In spite of my heavy lids, I couldn't fall asleep. I turned onto my side and looked out the window of the room. Through the curtains, a shaft of moonlight shone onto the floor. The world outside was quiet. Being a native of New York, I was used to the sound of horses and carriages at all hours of the night; the shouting of people as they stumbled home from the saloon. I determined that's what it was: it was too quiet. The longer I lay there, the more I thought about the man on th
e street. Everything about his demeanor suggested he wasn't expecting to meet another person walking about. The sight of myself had nearly frightened him to death.
The picture of the man's fear-stricken face stayed with me. It was there when I closed my eyes: the hollow eyes, the balding head with the wind moving about the last remaining strands of hair, the red beard. The man's face was with me when sleep came, washing over me in a wave of discomfort.
I awoke. The room was dark. The shaft of moonlight had moved away from my window with the rotation of the moon. With my eyes adjusted to the darkness, I could make out the shapes of the room. I threw the cover off me and made my way to the pail in the corner. No matter how hard I tried, my mind couldn't wrap itself around the concept. The man had said they had an outhouse, but insisted I didn't use it—insisted I didn't go outside. Had there been a murder recently? Is that why he didn't want me going outside? I undid the button on my trousers and relieved my bladder. When I finished, I went to the window and looked out. The streetlights had been extinguished during my slumber, leaving the town cloaked in black. I went back to the bed and sat on the edge, still looking out the window.

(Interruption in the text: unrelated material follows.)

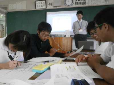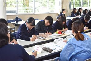午後は、他校の生徒とグループになり、「クロスロードゲーム」を通して、災害時、さまざまな立場になったとき、自分がどのような選択をするのか考えました。
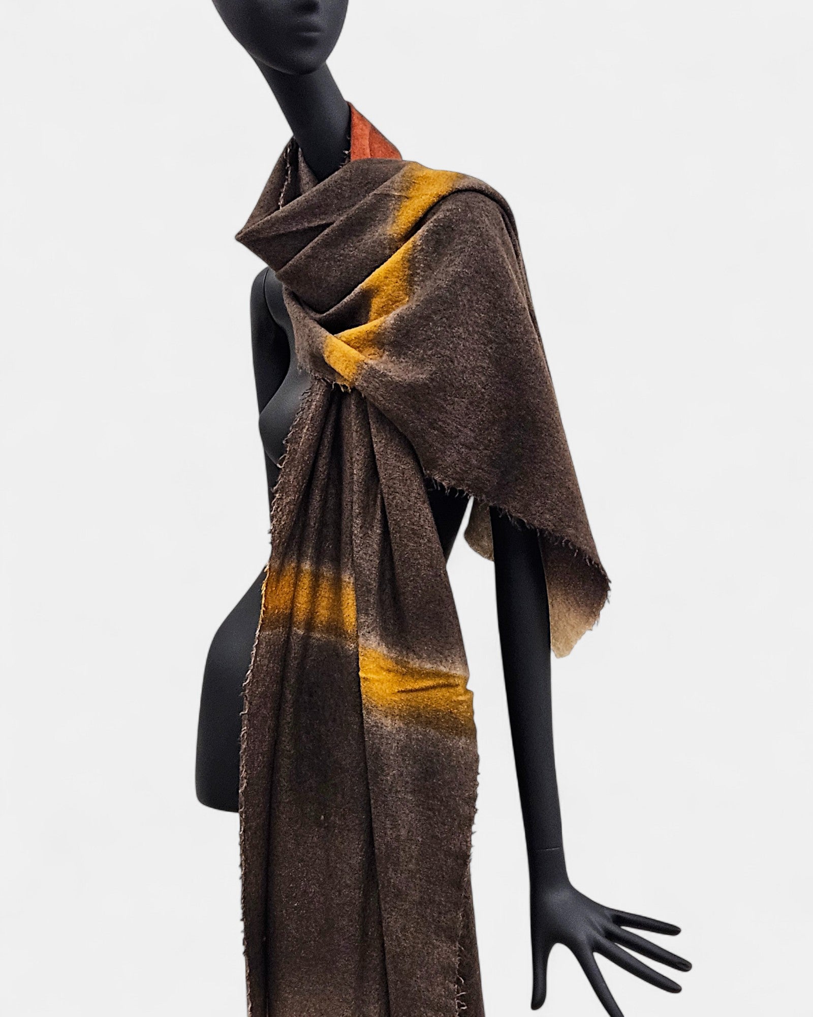 Con un acabado suave al tacto y bordes ligeramente desflecados, este fular se convierte en la pieza ideal para uso diario y ocasiones especiales. Su estética versátil permite combinarlo con prendas neutras o con tonos otoñales, realzando cualquier look.

What time of night, I couldn't tell. I had seen a clock in the foyer upon entering, but decided not to entertain myself by going to check the time. Instead, I checked the drawer for a box of matches. I found one in the bottom drawer, next to a Bible. I took the matches and lit the candle. The hue of the light casted shadows across the room, flickering ghosts. I no longer felt tired. I felt as if I had slept for days. I had it in my mind that I would stay awake until sunbreak, and then continue my travel. I didn't need a meal. There was food on my horse that would sustain me. But I needed something to do in the meantime. I pulled out the bottom drawer, got the Bible, and thumbed through it, reading a passage here and there.